Somit war auch der Heilige Nikolaus, der bis dato den Kindern Geschenke brachte, eine nicht akzeptable heilige Figur in Luthers Glaubenslehre. Im 16. Jahrhundert soll deswegen die Idee vom Christkind aufgekommen sein, um die Heiligenverehrung zu beenden, jedoch nicht auf den Brauch des Schenkens verzichten zu müssen. Dass das heutige Christkind, das in protestantischen wie katholischen Haushalten die Gaben bringt, aber tatsächlich eine Erfindung Luthers ist, ist wissenschaftlich nicht bewiesen.
3. Luther und die Wartburg
Falsch: Luther hat einen Großteil seines Lebens auf der Wartburg verbracht
Richtig: Luther lebte ein knappes Jahr unfreiwillig auf der Wartburg
1521 hatte Luther bei seiner Rede vor dem Wormser Reichstag seine 95 Thesen verteidigt und die Institution des Papstes angegriffen. Daraufhin wurde er exkommuniziert und für vogelfrei erklärt. Friedrich der Weise, Kurfürst von Sachsen, erkannte, dass sich sein Landsmann in Lebensgefahr befand und ließ ihn daher kurzerhand zu seiner eigenen Sicherheit entführen. Am 4. Mai 1521 wurde er unter dem Decknamen Junker Jörg auf die bei Eisenach gelegene Wartburg in Thüringen gebracht.
Berühmt ist die Wartburg nicht etwa, weil Luther sich hier so wohl fühlte. Im Gegenteil, er musste sich verstecken und sich seiner Tarnung wegen einen Bart stehen und seine Tonsur, den für Mönche sinnbildlichen Haarkreis, zuwachsen lassen.

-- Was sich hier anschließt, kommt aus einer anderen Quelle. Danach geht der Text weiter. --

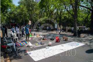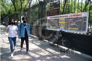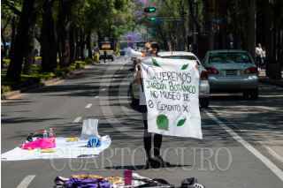 CIUDAD DE MÉXICO, 27MARZO2022.- Jóvenes realizaron un picnic informativo sobre el arroyo vehicular de avenida Reforma frente al Jardín Botánico Nezahualcóyotl de Chapultepec, para exigir que este no se mueva, actualmente esta en la primera sección, pero en el proyecto Pabellón Contemporáneo Naturaleza y Cultura se pretende cambiar su ubicación a la segunda sección del Bosque de Chapultepec. FOTO: MOISÉS PABLOCUARTOSCURO.COM

Aus reiner Langweile fing er an, die Bibel in ein allgemein verständliches Deutsch zu übersetzen. Nach nur zehn Wochen war er fertig und packte sofort seine Sachen. Am 1. März 1522 verließ Luther die Wartburg wieder – und kehrte auch nie wieder zu ihr zurück.
4. Luther und der Buchdruck
Falsch: Luthers Bibel war das erste gedruckte Buch der Welt
Richtig: Vor der Luther-Bibel gab es bereits 18 gedruckte Bibelübersetzungen
Johannes Gutenberg erfand um das Jahr 1440 herum den Buchdruck. Basierend auf seiner Idee, mit einzelnen beweglichen Buchstaben eine Druckvorlage zusammenzusetzen, wurde 1466 das erste gedruckte Buch der Welt herausgegeben: Die Bibel. Allerdings war dies nicht die Luthersche Übersetzung. Bevor Luther seine 1522 fertig gewordene Bibelübersetzung vervielfältigen ließ, hatten dies bereits 18 andere Übersetzer getan. 14 Bibel auf Hochdeutsch und vier in Niederdeutsch wurden gedruckt, bis Luther überhaupt mit seiner neuen Übersetzung begonnen hatte.
5. Luther und der Weihnachtsbaum
Falsch: Luther hat den Weihnachtsbaum eingeführt
Richtig: Der Brauch, eine Tanne zu Weihnachten aufzustellen, wurde fast 60 Jahre nach Luthers Tod das erste Mal dokumentiert
Der Maler und Kupferstecher Carl August Schwerdgeburth schuf 1856 ein Bild mit dem Titel „Dr. Martin Luther im Kreise seiner Familie zu Wittenberg am Christabend 1536". Darauf zu sehen ist Luther mit seiner Familie unter einem Weihnachtsbaum. Dieses Bild ist Grundlage der weit verbreiteten Annahme, Luther hätte den Brauch des Weihnachtsbaumes eingeführt. Tatsächlich sind jedoch erst 1605, 59 Jahre nach Luthers Tod, erste Aufzeichnungen über die Aufstellung eines Weihnachtsbaumes im Elsass zu finden. Der Maler hatte den Weihnachtsbaum wahrscheinlich in sein Werk mit aufgenommen, um ein ideal typisches Bild einer bürgerlichen Familie zu schaffen.